Demirtaş’ın sürekli vurguladığı, “Kürt hareketinin aydınlanması, modernist çizgisi, kadın özgürlükçü çizgisi”, ilhamını nereden alıyor? Müslümanlıktan mı, yüzlerce yıllık modernite ve son dönemde emekçilerin sosyalist mücadelelerinden mi? Tarihsel süreçleri materyalist bir yöntemle yerli yerine oturtmak, kültürel kökleri yok saymamak elzemdir; ama esin kaynaklarımız ve insanlığımızı nasıl kazandığımız konusu esas olarak geleneksel değil güncel ve modern bir konudur.

Bu tartışmalar bir köşe yazısının boyutlarını aşıyor.

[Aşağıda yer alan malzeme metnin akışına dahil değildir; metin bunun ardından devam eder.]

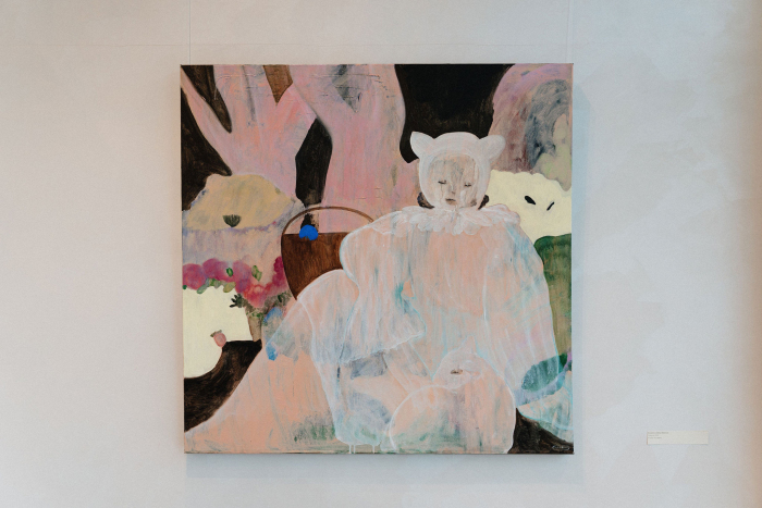 Алена Ракова (Exantres) в своей художественной практике много внимания уделяет темам женственности и девичества. Представленная на выставке «On the other way» работа — не исключение. Нежный и полупрозрачный колорит, текучие цветовые пятна напоминают состояние дремоты и вызывают щемящее чувство ностальгии. Комментируя эту работу, Алена говорит, что в любой взрослой женщине где-то живет маленькая девочка, а в любом серьезном мужчине – искренний и добрый мальчик. Такой выразительный образ хрупкой невинности призывает смотреть на мир другими глазами, чтобы время от времени возвращаться к ним.

Belki Demirtaş’ın savunması bağlamında Bilim ve Gelecek dergisinin geniş dosyalarında yeniden yaparız. Elbette suçlamadan değil tartışmadan söz ediyorum, ki Savunma bunu hak ediyor. Demirtaş’ı baştan İslamcılığa sapmakla, bir tür Kürt-İslam sentezi geliştirmekle damgalamak verimli bir tartışmanın önünü kapayacaktır. Verimli tartışmalar yapmaya ihtiyacımız var.